Find vapor composition above the liquid.
Includes benzene-toluene example.
Raoult’s Law describes the vapor pressure of ideal solutions — mixtures where components have similar intermolecular forces.
Partial pressure of component A:
P_A = x_A × P°_A
Total vapor pressure:
P_total = x_A × P°_A + x_B × P°_B
Where:
- x_A, x_B = mole fractions in the liquid phase (x_A + x_B = 1)
- P°_A, P°_B = vapor pressures of pure components
Vapor composition (mole fraction in vapor):
y_A = P_A / P_total = x_A × P°_A / P_total
Positive and negative deviations from Raoult’s Law:
- Ideal (Raoult’s Law): A-B interactions ≈ A-A and B-B interactions (e.g., benzene-toluene)

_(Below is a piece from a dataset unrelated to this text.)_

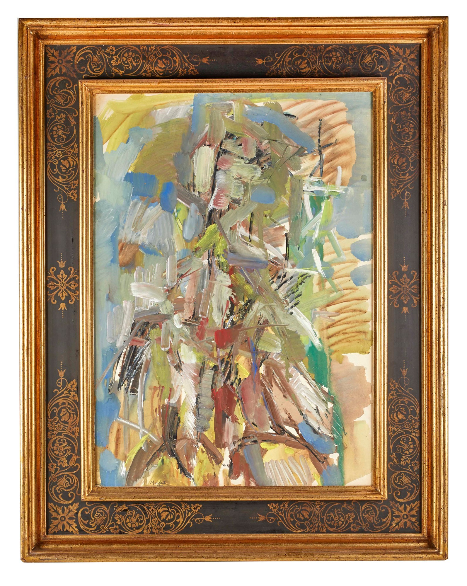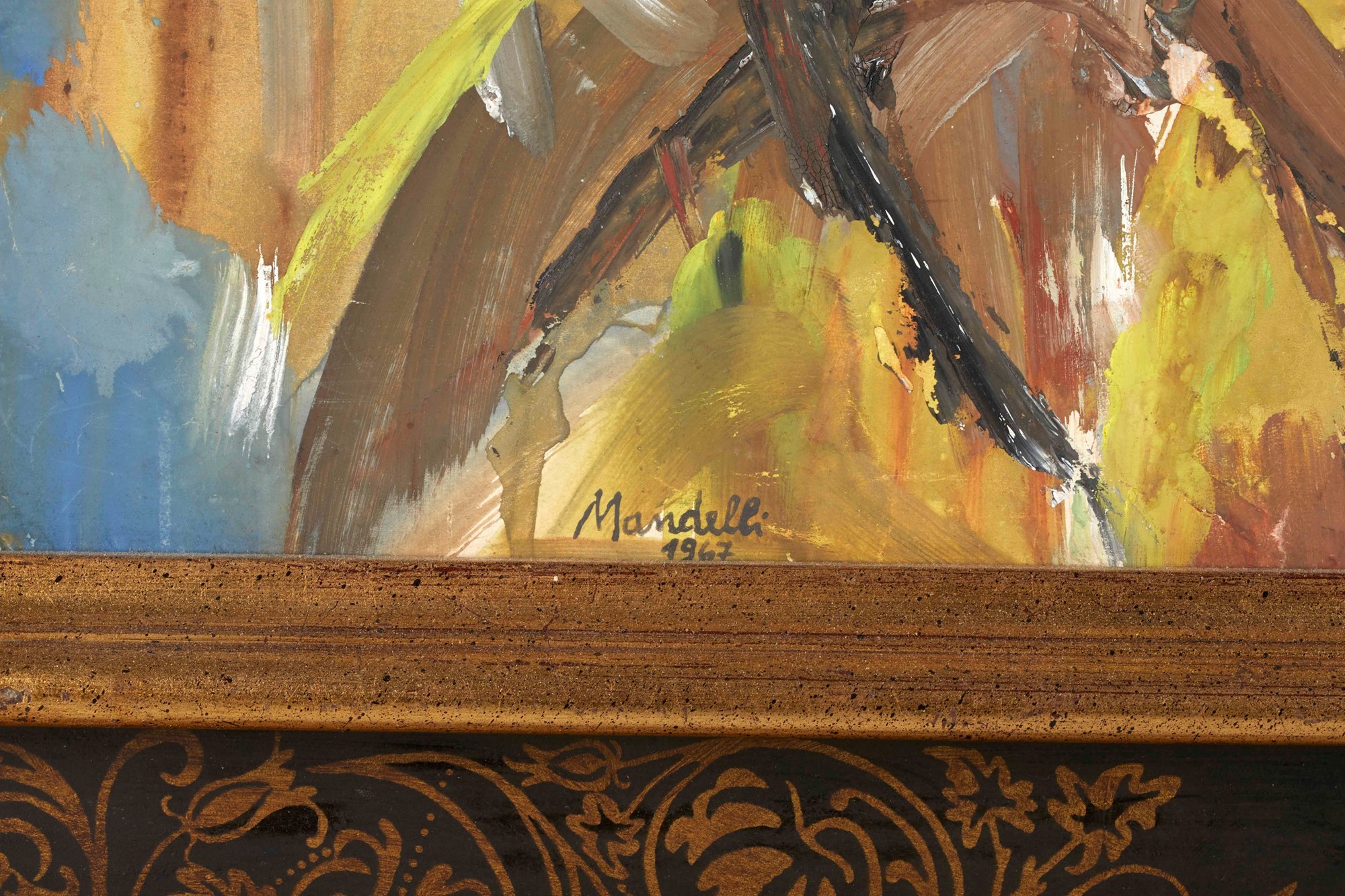 POMPILIO MANDELLI (Luzzara 1912 - Bologna 2006) "Composizione", 1967. Olio e tecnica mista su carta. Cm 70x50. Opera firmata e datata in basso a sinistra Mandelli 1967.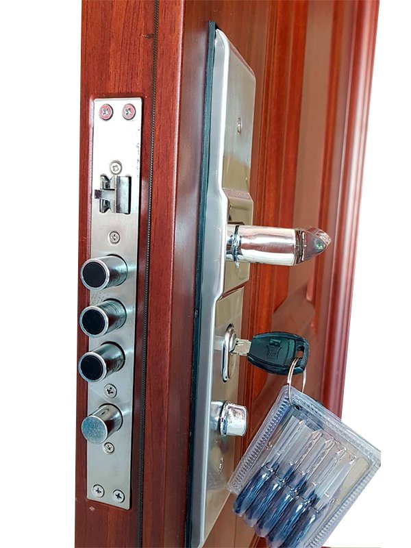 Puerta BLINDADA de Máxima Seguridad calidad de una hoja. Cerradura multianclaje de cierre manual con 10 pernos de acero. Bisagras ocultas antibarreta. Herrajes de Acero.

- Positive deviation: A-B interactions weaker than pure components (e.g., ethanol-water, acetone-hexane) → P_total > Raoult’s Law
- Negative deviation: A-B interactions stronger (e.g., acetone-chloroform, HCl-water) → P_total < Raoult’s Law
Benzene-toluene system at 80°C (approximately ideal):
- P°_benzene ≈ 760 mmHg (normal boiling point!)
- P°_toluene ≈ 290 mmHg
Applications:
- Fractional distillation (separating components by boiling point)
- Understanding azeotropes (constant-boiling mixtures that cannot be separated by simple distillation)
- Colligative properties (related: vapor pressure lowering by non-volatile solutes)
Colligative properties connection: When a non-volatile solute dissolves, x_solvent decreases → vapor pressure decreases. ΔP = x_solute × P°_solvent (Raoult’s Law for non-volatile solute — see vapor pressure lowering calculator).